The Indigetes (Latin: indigetes or indigetae or Indiketes) were an ancient Iberian (Pre-Roman) people of the eastern side of the Iberian peninsula (the Roman Hispania). They are believed to have spoken the Iberian language.

They occupied the far north east area of the Iberian Peninsula known as Hispania Tarraconensis, in the gulf of Empúries and Rhoda, stretching up into the Pyrenees though the regions of Empordà, Selva and perhaps as far as Gironès, where the Ausetani could be found who were related ethnically.

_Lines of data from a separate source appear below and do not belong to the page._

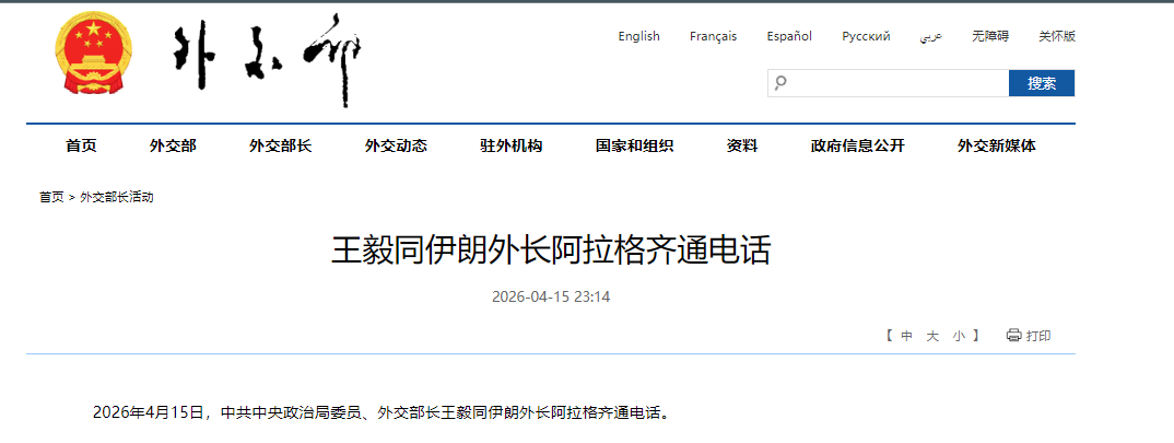 香港中通社4月16日電 中國外交部長王毅15日同伊朗外長阿拉格齊通電話。王毅表示,中方支持保持停火和談判勢頭,這符合伊朗人民根本利益,也是地區國家和國際社會共同期盼。
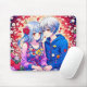 Casal de anime bonito cercado por corações e flores. As cores utilizadas são vermelho, roxo e azul. Fofo para Dia de os namorados ou aniversário ou qualquer ocasião romântica.
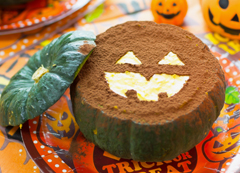 - 坊ちゃんカボチャをラップでくるみ電子レンジで加熱し火を通し、粗熱をとる。カボチャの上2cm を切り落とし、種とワタを取り除く。※加熱したカボチャは高温になっていますので、火傷に注意して下さい。

They were divided into four tribes, and the main towns they centered on were: Indika (only mentioned by Stephanus of Byzantium, still unidentified, but he was possibly referring to Empúries or Ullastret),  Empodrae (Empúries, where there was an extremely important  Greek, Phocaean and Massaliotan colony, which had their corresponding commercial “emporio”), Rhoda (Roses), Juncaria (La Jonquera), Cinniana (Cervià) and Deciana (close to La Jonquera). This land was watered by the Clodianus (Fluvià), the Sambrocas (Muga) and the Tichis (Ter). This district in the Gulf of Empúrias was known as Juncaris Campus.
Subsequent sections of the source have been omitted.